I purchased a mig welder 151(chicago electric)

the garage is wired with a 10-30 receptacle. my options are as follows. please suggest which you think is safest. or add what you would do instead.
extension will be 30' of 10/3 cable/wire

1. keep the dryer receptacle and buy the following.
10-30 plug.
SOOW 10/3 wires from home depot(will be used as extension cord.) heres the numbers on them
(UL) C(UL) SOOW 3/C 10AWG(5.26mm^2) 105*C VW-1 600V E215210 100281-001
buy a box to put the 6-50 receptacle.

Issue i see with this is that the receptacle is mobile and not wall mounted. not to mention the box is metal and ground is connected to box? will this be a problem?

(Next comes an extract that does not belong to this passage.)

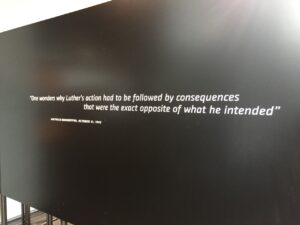 What was interesting about the exhibit, though, was how it highlighted that it wasn’t only Luther’s anti-Jewish piece that was appropriated. His overall identity and persona was used as a totem for the efforts of the Nazi regime. They portrayed him as an exemplar of the strong German Christian leader, the true-German’s German. They lifted up the Nazi’s program of strengthening and purifying German culture and society as the effort to “complete” the Reformation that Luther started. Luther anniversaries during the Nazi regime—the 450th of his birthday, the 400th of his publishing of the Luther Bible (Luther’s translation of the Bible from the original languages into German)—provided further opportunities to push the agenda under the guise of Luther’s legacy.

2. keep the dryer receptacle
hardwire the extension cord directly to the welder. meaning
buy 10-30 plug
SOOW 10/30 wires (connect this directly to welder.) 
this seems safer since i wont have a mobile plug in box. my welder will just have a long cable which is fine with me.

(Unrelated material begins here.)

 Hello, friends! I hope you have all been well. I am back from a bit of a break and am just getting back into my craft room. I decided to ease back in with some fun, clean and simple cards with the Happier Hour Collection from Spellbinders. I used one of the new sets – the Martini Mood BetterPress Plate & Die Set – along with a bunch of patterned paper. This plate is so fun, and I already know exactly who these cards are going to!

3. change out the receptacle on the wall to 6-50.
this seems like the best idea but do i need to change anything else?
I own the home and i know i wont be putting a dryer in the garage plus a 6-50 plug could prove more usefull in case i purchase more high voltage tools.


now this raised a few questions.
1. both have 3 prongs.dryer plug has live , live and neutral. my mig welder has live, live and green (ground) 
would i be able to connect the neutral to the ground? or is this a safety issue(I saw that ground to neutral is a no no but does the neutral in dryer plug serve as a ground?)
2. How do i properly convert the wall receptacle to 6-50?
The 6-50 receptacle only have 3 wires on the back. live live and one labeled green. does the green connect to the ground or the neutral bar in sub panel?
if to the neutral then i can just swap out the receptacle and not mess with sub panel connectors. but if ground then i loose the neutral?

please advise. thank you


----------



## rlc3854 (Dec 30, 2007)

Uh you didn't read the rules did you? IBTL.


----------



## denny3992 (Jul 12, 2010)

Ibtl


----------



## ls325ci (Oct 2, 2014)

i did not. i didnt see it on this sub forums... ill go searching for it now.


----------



## ls325ci (Oct 2, 2014)

I cant seem to edit/delete the thread. 
I apologize. going to go find the DIY forums.

thanks


----------